Personalizing job design

Taking cues from technology providers, learning content and delivery developers, and human-centered design experts, personalization is increasingly becoming a key driver of success in improving human performance. When considering job design at the individual or small-group level, as an HR-created intervention to address flagging performance or as a retention-motivator for a critical individual contributor, for example, some emerging concepts are worth understanding.

The first is job crafting, where employees are given permission to redesign their roles to customize their duties, responsibilities, output requirements, and performance KPIs to better align with how they view their mission/purpose/value proposition relative to those of the larger organization and its customers. While management retains the right to approve/disapprove, edit, or alter the suggestions, this can provide those in highly specialized roles, approaching their retirements, dealing with significant health or family challenges, or offering unique value-added product or service development innovations, to establish a highly personalized job design. 

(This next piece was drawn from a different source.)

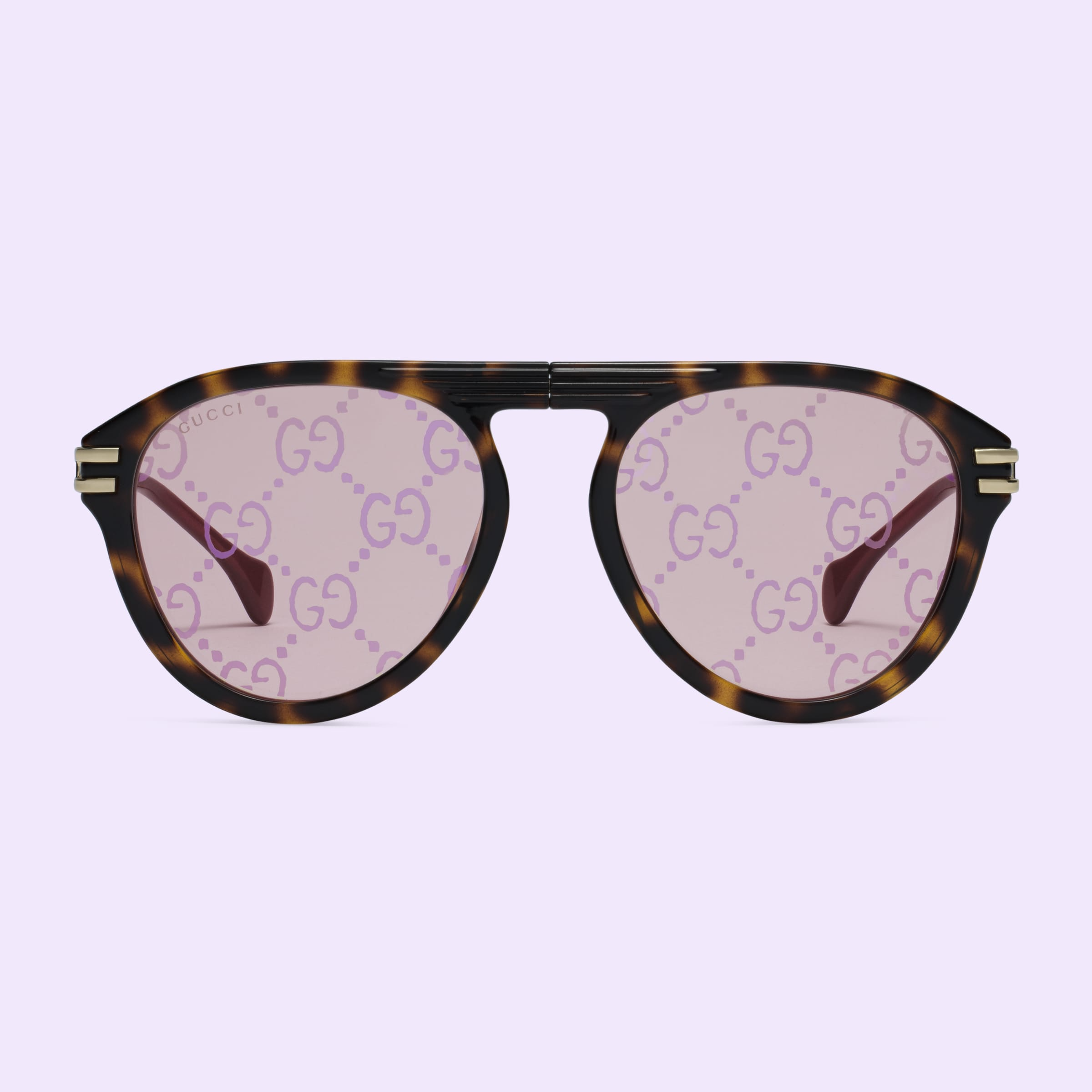 - Shiny yellow gold-toned metal temples with acetate tips and Gucci logo

A broader approach to personalization at scale involves collecting aspirations and motivations, and mapping the psychological profiles of top performers and contributors across different roles to better understand and match and redesign their jobs. This could be analyzed using the WDQ and compared to the needs that come from what are known as the “Big Five Personality” dimensions or traits, widely acknowledged and accepted as differentiating human capabilities and behaviors:

  • Openness to experience (intellect/imagination): Measures curiosity, creativity, and desire for novelty. High scorers are imaginative and adventurous, while low scorers are conventional and prefer routines.
  • Conscientiousness (thoughtfulness/order): Measures organization, responsibility, and goal-directed behavior. High scorers are disciplined and organized, while low scorers are more spontaneous and careless.
  • Extraversion (sociability/energy): Measures comfort level with social interactions and energy levels. High scorers are talkative and energetic (extroverts), while low scorers are reserved and reflective (introverts).
  • Agreeableness (kindness/cooperation): Measures trust, altruism, and kindness. High scorers are empathetic and cooperative, while low scorers are competitive, cynical, or manipulative.
  • Neuroticism (emotional stability): Measures emotional resilience and reactivity to stress. High scorers often experience anxiety and moodiness, while low scorers are more stable, calm, and resilient. 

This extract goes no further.